[Stored data]
BEGIN

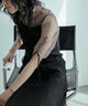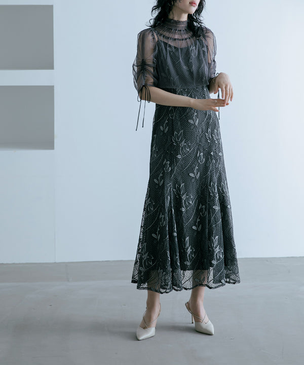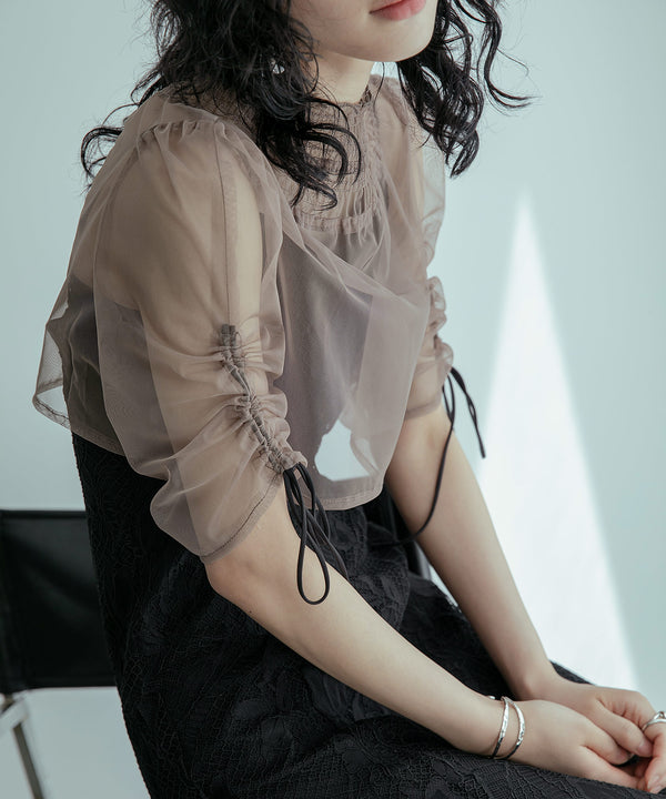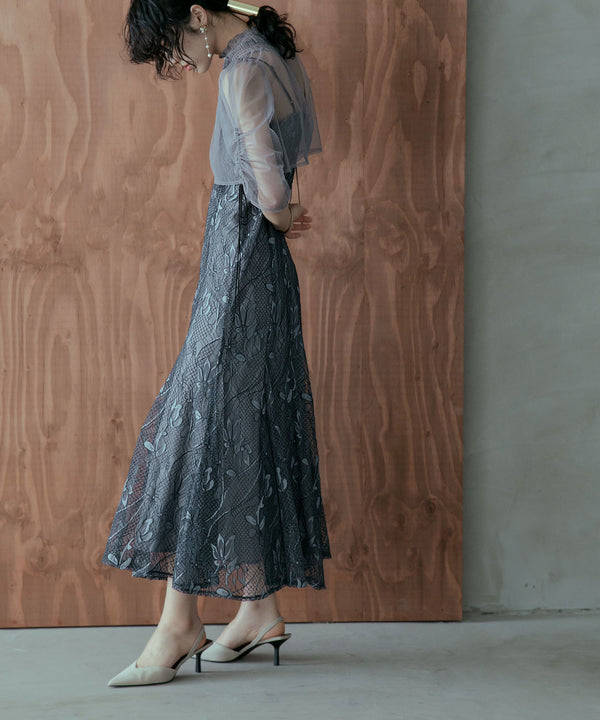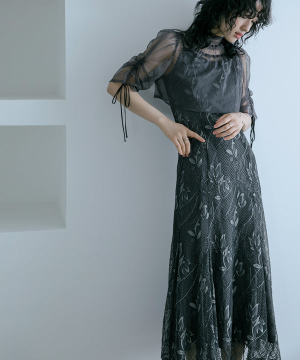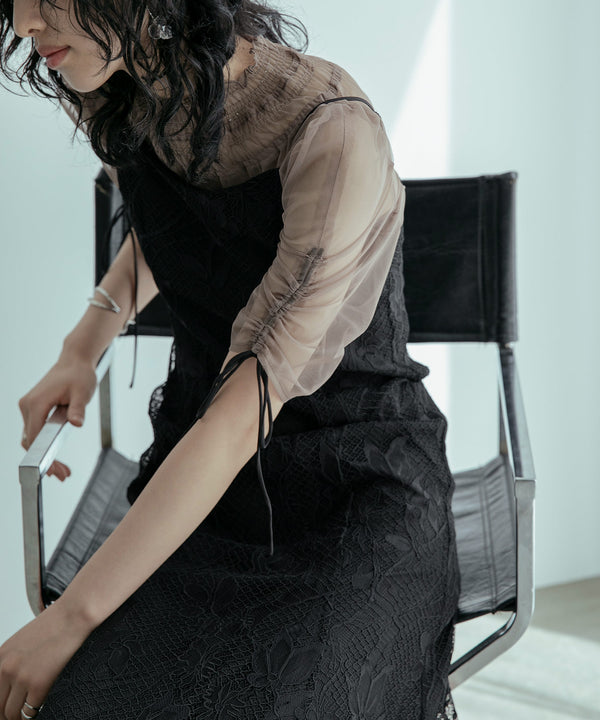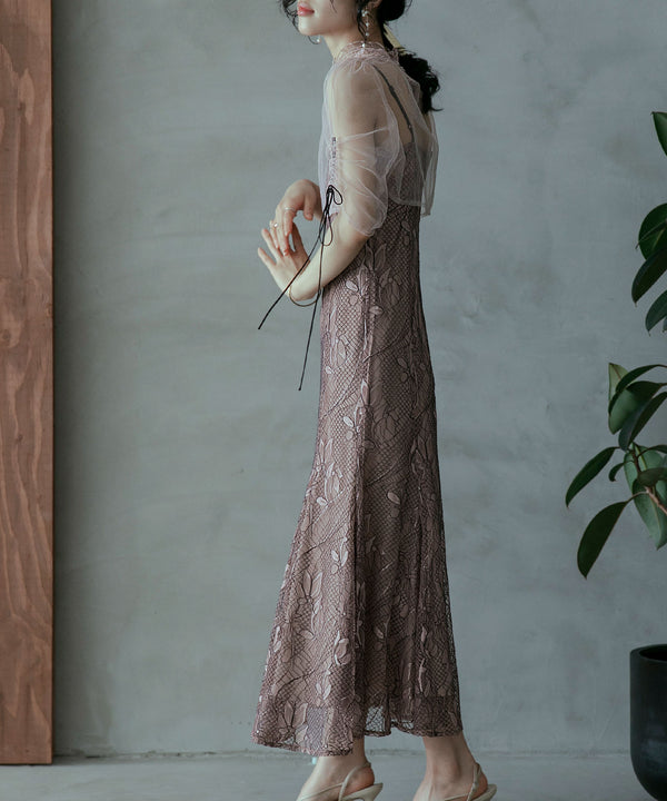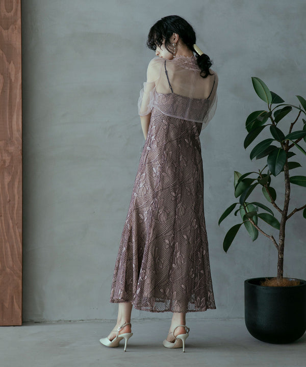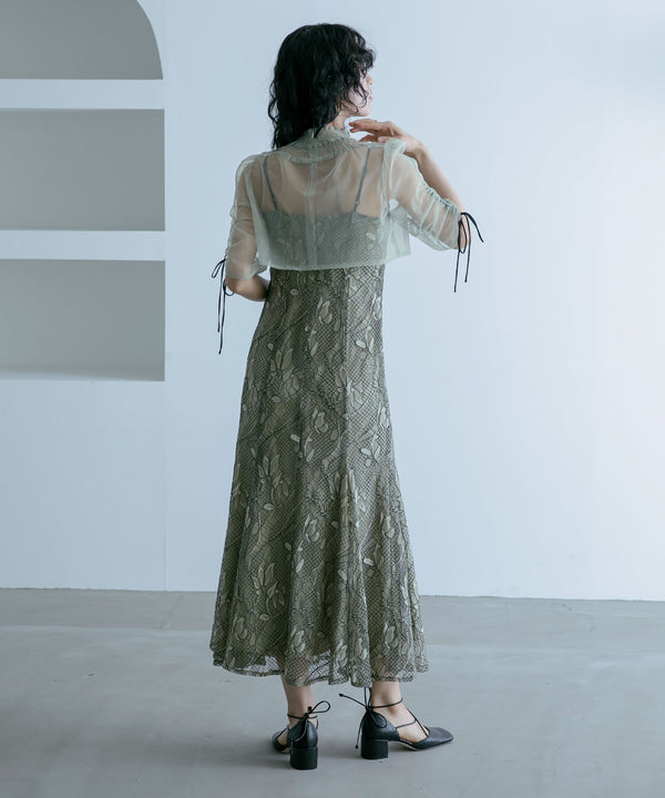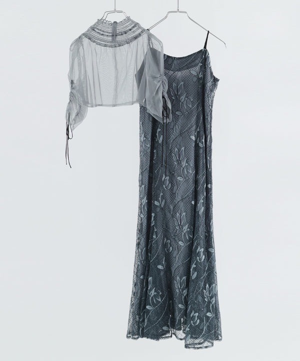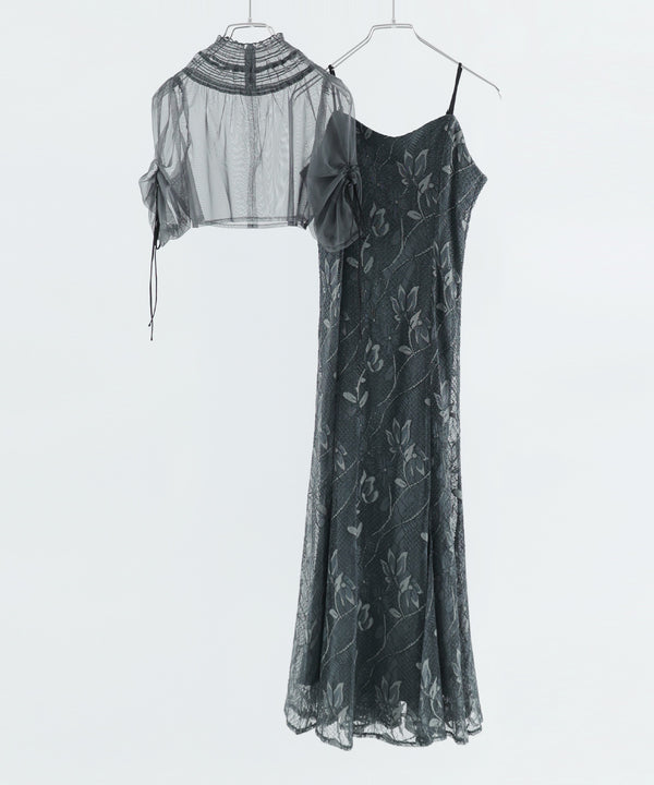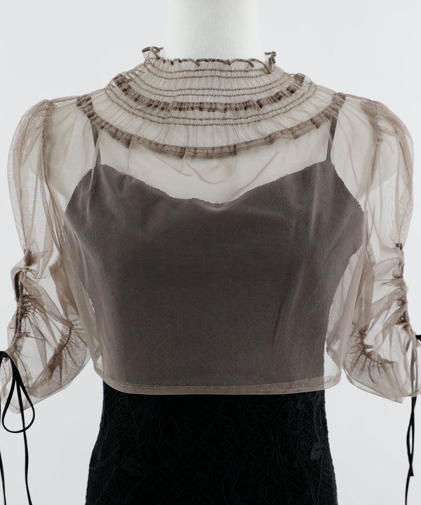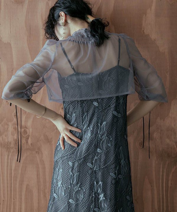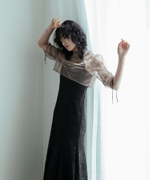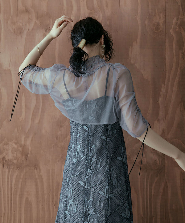 シアーなチュール素材のデザインボレロを組み合わせた
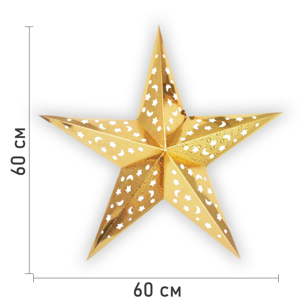 Звезда бумажная 60 см голографическая золотая
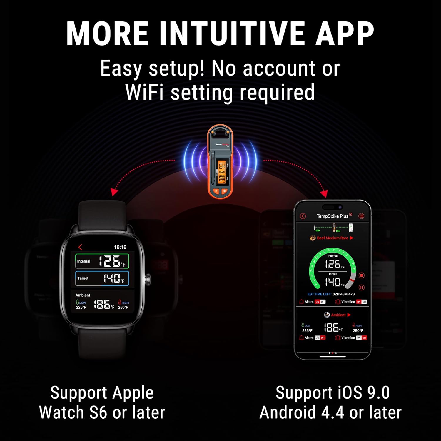 - 【Easier to Monitor】By directly displaying real-time temps on the Booster, this wireless meat thermometer for grilling and smoking allows you to check the temp without having to pull out your phone every time, especially when you're busy at preparing side dishes
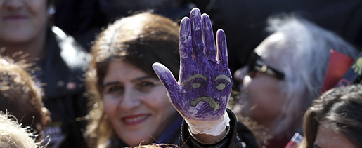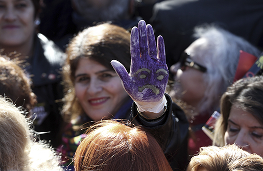 A woman shows her hand painted to represent a child's face, as thousands of members of Turkey's main opposition Republican People's Party march to the parliament in Ankara, Turkey, Tuesday, Nov. 22, 2016. Following a public outcry, Turkey's government has withdrawn a proposal that critics said would have allowed men accused of sexually abusing underage girls to go free if they were married to their victims. (AP Photo/Burhan Ozbilici)
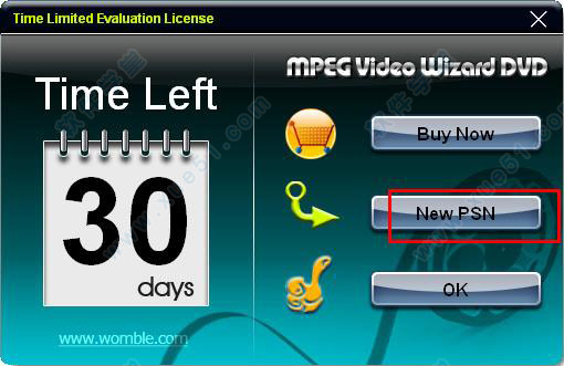 1、运行打开软件,我们可以看到软件试用期限只有30天,点击new psn进入激活界面,对软件进行破解
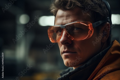 Focused worker man portrait technological industrial complex factory production line workers face safety measures eyewear manufacturing mechanical scientific close-up employee enthusiasm concentration
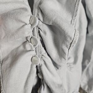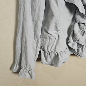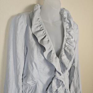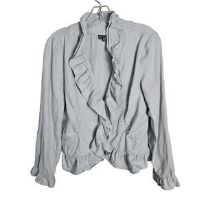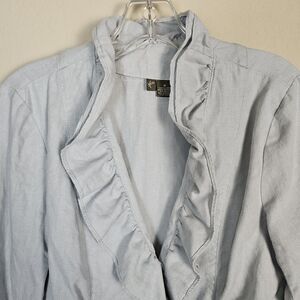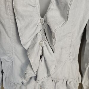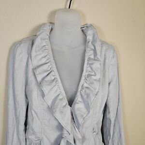 FEI Anthropologie Linen Jacket Blazer Size 8 Ruffle Lightweight Designer Coastal

END

§ **BRIEF**: Excluding the pictures, reproduce every entry exactly as given.

§ **ANSWER TO THIS EXERCISE**:
 シアーなチュール素材のデザインボレロを組み合わせた
 Звезда бумажная 60 см голографическая золотая
 - 【Easier to Monitor】By directly displaying real-time temps on the Booster, this wireless meat thermometer for grilling and smoking allows you to check the temp without having to pull out your phone every time, especially when you're busy at preparing side dishes
 A woman shows her hand painted to represent a child's face, as thousands of members of Turkey's main opposition Republican People's Party march to the parliament in Ankara, Turkey, Tuesday, Nov. 22, 2016. Following a public outcry, Turkey's government has withdrawn a proposal that critics said would have allowed men accused of sexually abusing underage girls to go free if they were married to their victims. (AP Photo/Burhan Ozbilici)
 1、运行打开软件,我们可以看到软件试用期限只有30天,点击new psn进入激活界面,对软件进行破解
 Focused worker man portrait technological industrial complex factory production line workers face safety measures eyewear manufacturing mechanical scientific close-up employee enthusiasm concentration
 FEI Anthropologie Linen Jacket Blazer Size 8 Ruffle Lightweight Designer Coastal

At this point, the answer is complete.